Any thoughts on this? It occurs to me to ask you as I read what you wrote about the laundry. You were laundering clothes in the old moldy location, then bringing to the new location? You felt cross-contamination risk was minimized to acceptable by taking them straight from machine into plastic bag?

It is physically impossible to make a clean room in a house and then move things into that room. 1. you cannot clean a table, move it through a moldy area without re-contaminating it. 2. The moment you open the door to the "clean room" it is no longer a clean room. Spores are in the air all the time and especially when one is moving around.

Everything has to leave the house, clean it and then bring it back into a clean house.
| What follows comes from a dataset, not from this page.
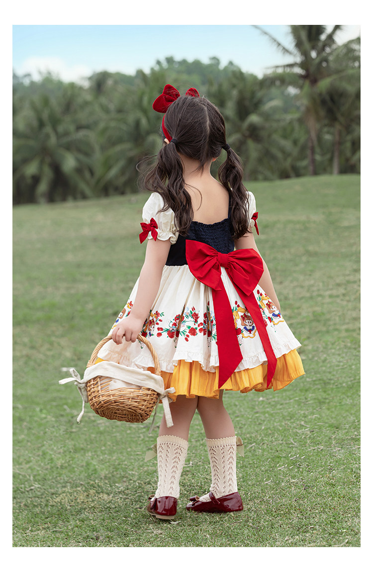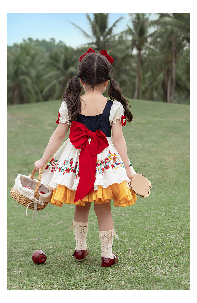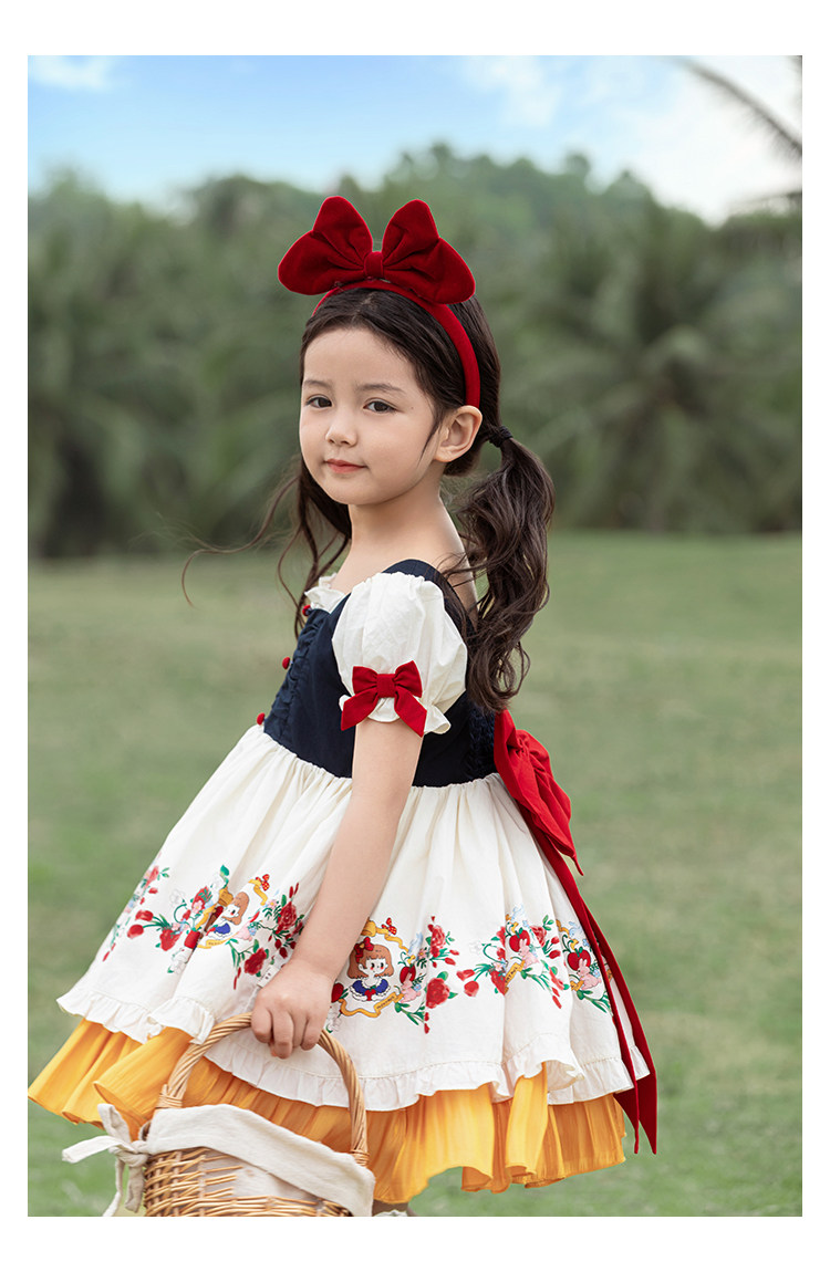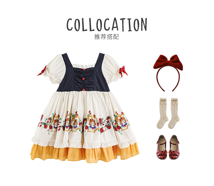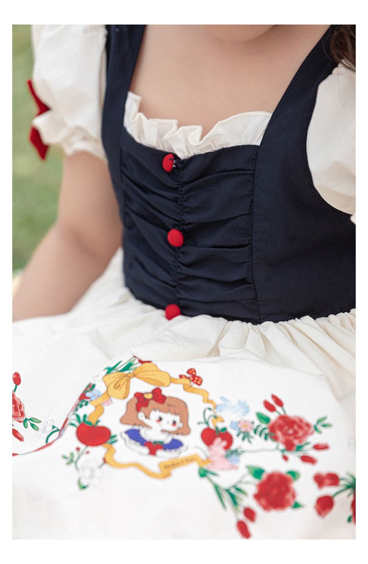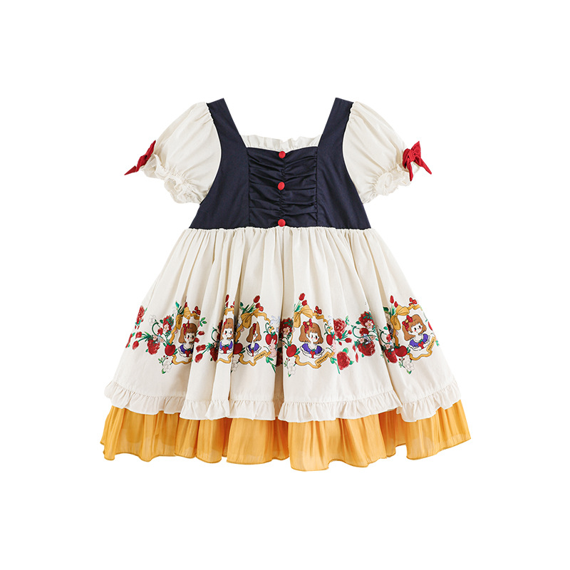 Wulibuyi 소녀 가짜 투피스 보우 스커트 여름 공주 스타일 로리타 퍼프 슬리브 드레스스토어 가기

I was NOT laundering clothes in a moldy location. All laundering was done out of the house. All contaminated bags were not reused for clean clothes. They became garbage bags that were kept outside the house in a shed. The house was virtually empty. After remediation the house was fogged 3 TIMES, yes 3 times with sporicidin and cleaned after each fogging.

Remember the HVAC system is a huge monster when cleaning a house. The square footage in the duct work and the air handler is enough to give me the shivers. One has to deal with that if they have had a major mold problem.

Red

 

And, I will add to the HVAC issue...make sure you get someone who really knows how to work with mold, And I would not let them spray anything in afterwards (total waste of money.) In the end, we had our HVAC system cleaned 4 times, but that was because we kept getting recontaminated...the cleaning job was not done right, new mold, etc. Also, when you have the house cleaned afterwards, make sure it is with a company that really, really knows how to clean for mold remediation. The first time, they didn't even move the furniture. We moved back in, and I won't even go there. Then, we did it again...moved out of the house for 5 days, and a team of 4 spent 5 solid days cleaning every single surface (including all boxes and items in the basement, floors, ceilings, walls, etc.)